The 28th International Conference
for Women in Business
第28回
国際女性ビジネス会議

AFTERNOON SESSION

アフタヌーンセッション

アフタヌーンセッション日本のデジタル化への挑戦

デジタル化の目的は、人が人に寄り添う、温もりのある社会を作ること

河野 太郎氏

河野 太郎氏Taro Kono

国務大臣、衆議院議員

出張中の淡路島から登場されたのは、デジタル大臣などを務める河野太郎さんです。前のスピーカーである野田聖子さんとオンライン上で楽しげに挨拶を交わした後、表情をきりりと引き締めて語り始めました。

まさに今、官民一体となってデジタル化を進めている日本。マイナンバーカードでの混乱が報道されるなど課題は少なくない状況ですが、「人口が急速に減少し、高齢化が進んでいる日本で、例えばご高齢の方を見守る、あるいは次世代の日本を支える子どもたちが健全に育つように見守っていくことを考えると、今までと同じことをやっていては回らなくなるというのははっきりしています」と、デジタル化の必要性を明言します。

その目的について、「人が人に寄り添う、温もりのある社会を作る」と語る河野大臣。
「人間は人間がやらなければいけないことに集中する、人間がやらなくてもいいものはAIやロボットやコンピューターにお任せしていく、そういうことをしっかりやるからこそ、そんな社会を作り出すことができると思っております」

具体的な事例として、熊本市では住民票などのコンビニ交付の割合が窓口交付より多くなり、その結果、窓口業務を行っていた10人以上の職員の負担が軽減され、また、市民ニーズの高い他の業務に力を入れることが可能になったとのこと。また、マイナンバーカードと健康保険証の一体化によって実現する安全性、利便性にも言及します。なりすましを防げること、その人の診療情報や薬剤情報などを通っている複数の病院で共有できること、情報共有によって歯周病と糖尿病など関連が深い病気の治療にも役立ち、大きな病院で改めて検査し直すということも不要になっていきます。
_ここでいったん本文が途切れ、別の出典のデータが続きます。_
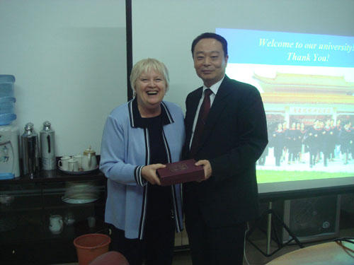 11月1日,王乐夫校长会见了来访的美国Shawnee州立大学校长Rita Rice Morris, Ph.D.。宾主双方分别介绍了学校概况,就高等学校的管理交换了意见,对双方的合作进行了探讨。王乐夫校长向客人赠送了礼品。

さらに「皆さんの医療の情報を匿名化して共有することで、日本国民の健康状態がこういう状況のときにこういう治療をしたらこれぐらいよくなる、最適な治療は何かということがわかるようになりますし、情報を利用した新しい薬の開発もできるようになります」と、新たな可能性も示唆されました。
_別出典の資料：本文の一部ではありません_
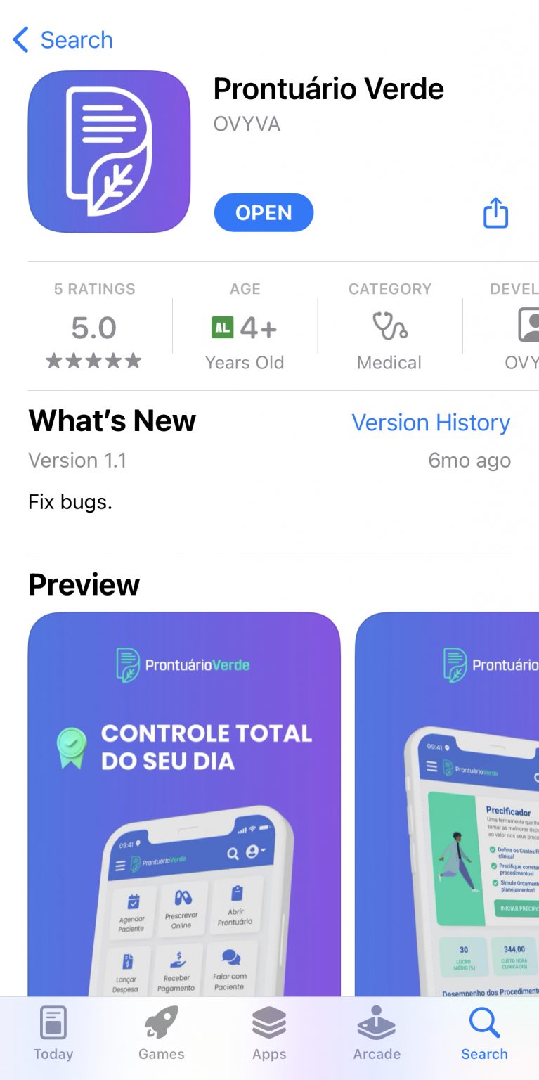 - Ou, se preferir, clique no link abaixo para ser direcionado automaticamente para a página de download: https://apps.apple.com/app/prontu%C3%A1rio-verde/id6444843023.

会議のテーマである「I Challenge」については、「デジタルに慣れ親しんでいる方もいれば、全くデジタルなしで生活して来られた方もいらっしゃいます。いろいろな方に丁寧に説明をして、理解をしていただくというのがすごく大事な局面になっているので、こういう機会をいただいてありがたく思います」とのこと。「ひとつずつ足元を固めながら、前に進んでいきたい」という言葉から確かな熱意と信頼を受けとめ、温もりあふれるデジタル社会への期待がより一層高まった時間となりました。